Christian Porta, chairman and chief executive of Chivas Brothers, said the firm is on course to re-open its Glen Keith distillery on Speyside during March or April.

Last week, the spirits heavyweight – which makes whiskies including Ballantine’s, Chivas Regal and the Glenlivet – also unveiled a £40 million plan to increase its output by 25 per cent over the coming financial year by extending four of its sites. Diageo last year opened a £40m plant at Roseisle, in Moray, to meet demand for Scotch in fast-growing markets such as Brazil, China and Russia.
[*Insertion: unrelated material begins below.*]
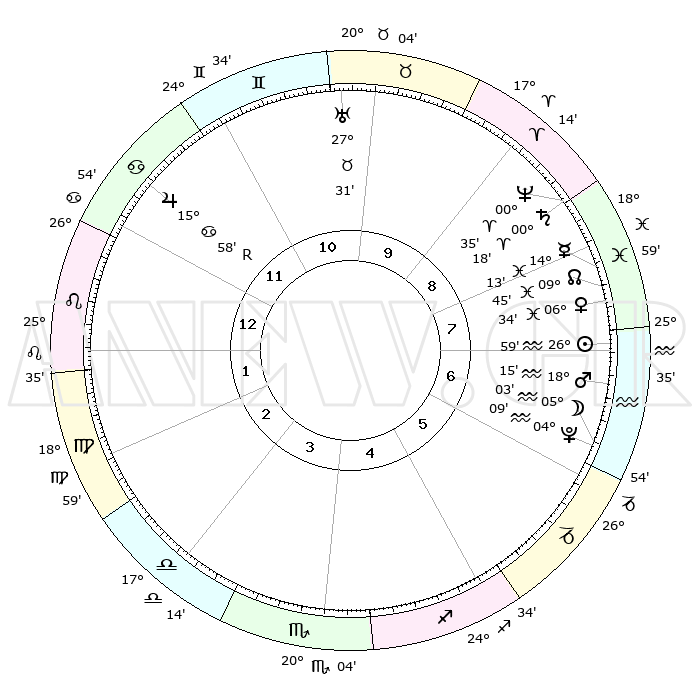 | | ΘΕΣΕΙΣ ΠΛΑΝΗΤΩΝ ΑΣΤΡΟΛΟΓΙΚΟΥ ΧΑΡΤΗ ΤΗΣ ΣΤΙΓΜΗΣ ΑΥΤΗΣ | | | | Πλανήτης | Ζώδιο | Μοίρες | Δεκαήμ. | Σε οίκο | Απόκλιση | | Ακμές των οίκων | | Ηλιος | Υδροχόος | 26°55' | Τρίτο | 7 | 12 S 32 | | 1ος | 06°41' | Λέων | | Σελήνη | Υδροχόος | 04°14' | Πρώτο | 6 | 22 S 07 | | 2ος | 28°13' | Λέων | | Ερμής | Ιχθείς | 14°08' | Δεύτερο | 8 | 06 S 05 | | 3ος | 24°11' | Παρθένος | | Αφροδίτη | Ιχθείς | 06°29' | Πρώτο | 8 | 10 S 30 | | 4ος | 25°57' | Ζυγός | | Αρης | Υδροχόος | 18°12' | Δεύτερο | 7 | 16 S 24 | | 5ος | 01°45' | Τοξότης | | Δίας | Καρκίνος | 15°59'R | Δεύτερο | 12 | 22 N 48 | | 6ος | 06°23' | Αιγόκερως | | Κρόνος | Κριός | 00°17' | Πρώτο | 9 | 01 S 51 | | 7ος | 06°41' | Υδροχόος | | Ουρανός | Ταύρος | 27°31' | Τρίτο | 10 | 19 N 25 | | 8ος | 28°13' | Υδροχόος | | Ποσειδώνας | Κριός | 00°35' | Πρώτο | 9 | 00 S 58 | | 9ος | 24°11' | Ιχθείς | | Πλούτωνας | Υδροχόος | 04°09' | Πρώτο | 6 | 22 S 56 | | 10ος | 25°57' | Κριός | | Β. Δεσμός | Ιχθείς | 09°45' | Πρώτο | 8 | 07 S 55 | | 11ος | 01°45' | Δίδυμοι | | Ωροσκόπος | Λέων | 06°41' | Πρώτο | | | 12ος | 06°23' | Καρκίνος | | Μεσουράνημα | Κριός | 25°57' | Τρίτο | | | |

Porta told Scotland on Sunday: “We look at the requirements of our brands over the long term every six to 12 months and, if we see that our brands are continuing to grow, then we will need to think what our next steps are. If we decide to go further, then possibly we would build a new distillery from scratch.

“That’s not a certainty, that’s not a decision we’ve made, but it’s a possibility.”

Porta added: “We have a good team on the manufacturing side in Scotland who are looking at different options, but we haven’t started working up ideas for specific sites. If there is further acceleration in the growth of our Scotch whisky business then we will have to take a decision sooner rather than later. The next review will be in six to nine months’ time and we will take a decision then about what the next steps are.”

As well as extending its distilleries at Glenallachie, Glentauchers, Longmorn and Tormore, Pernod is opening a further bottling line at its site in Paisley this summer to package its high-end whiskies, including Royal Salute.

Chivas Brothers already employs about 1,600 people at 32 sites throughout the UK, the vast majority in Scotland.